TASK DETAILS >> Copying rule for the data below: take the line containing "Ingredientes: Ingredientes para" and every line after it to the end, exactly, and drop all pictures.

SUPPLIED MATERIAL >>
____________

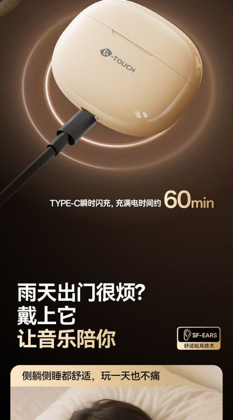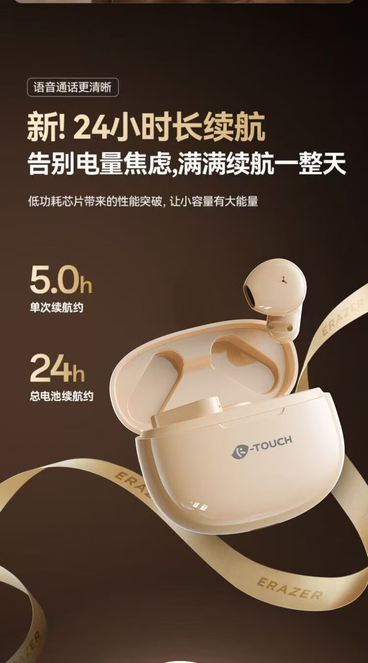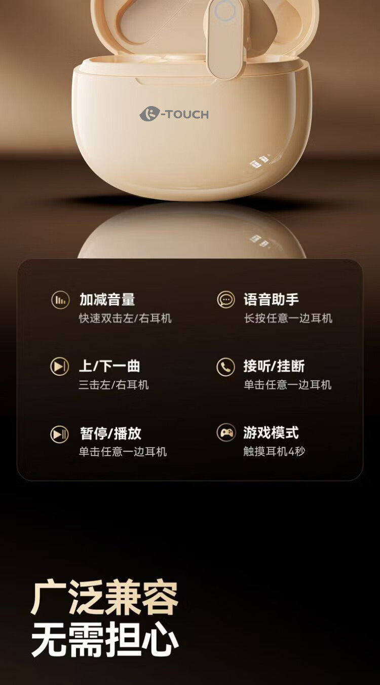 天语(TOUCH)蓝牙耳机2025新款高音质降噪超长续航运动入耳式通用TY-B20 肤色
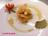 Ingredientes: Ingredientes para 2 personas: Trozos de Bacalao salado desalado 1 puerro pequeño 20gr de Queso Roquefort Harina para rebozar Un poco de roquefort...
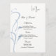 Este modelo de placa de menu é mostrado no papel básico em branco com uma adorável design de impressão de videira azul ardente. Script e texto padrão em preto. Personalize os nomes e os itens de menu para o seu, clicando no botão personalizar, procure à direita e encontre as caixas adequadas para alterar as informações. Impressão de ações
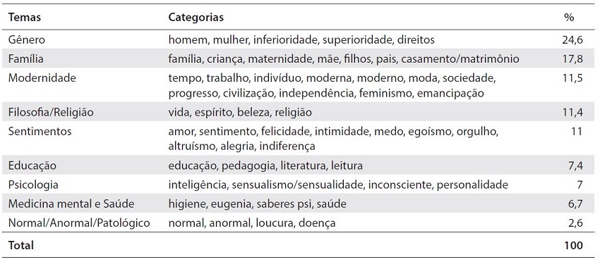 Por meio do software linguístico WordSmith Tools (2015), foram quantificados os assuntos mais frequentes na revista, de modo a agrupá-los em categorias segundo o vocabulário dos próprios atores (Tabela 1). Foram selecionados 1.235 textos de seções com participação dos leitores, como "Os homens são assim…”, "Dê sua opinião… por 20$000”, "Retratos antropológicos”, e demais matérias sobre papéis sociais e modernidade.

____________

SOLUTION TO THIS TASK >>
 Ingredientes: Ingredientes para 2 personas: Trozos de Bacalao salado desalado 1 puerro pequeño 20gr de Queso Roquefort Harina para rebozar Un poco de roquefort...
 Este modelo de placa de menu é mostrado no papel básico em branco com uma adorável design de impressão de videira azul ardente. Script e texto padrão em preto. Personalize os nomes e os itens de menu para o seu, clicando no botão personalizar, procure à direita e encontre as caixas adequadas para alterar as informações. Impressão de ações
 Por meio do software linguístico WordSmith Tools (2015), foram quantificados os assuntos mais frequentes na revista, de modo a agrupá-los em categorias segundo o vocabulário dos próprios atores (Tabela 1). Foram selecionados 1.235 textos de seções com participação dos leitores, como "Os homens são assim…”, "Dê sua opinião… por 20$000”, "Retratos antropológicos”, e demais matérias sobre papéis sociais e modernidade.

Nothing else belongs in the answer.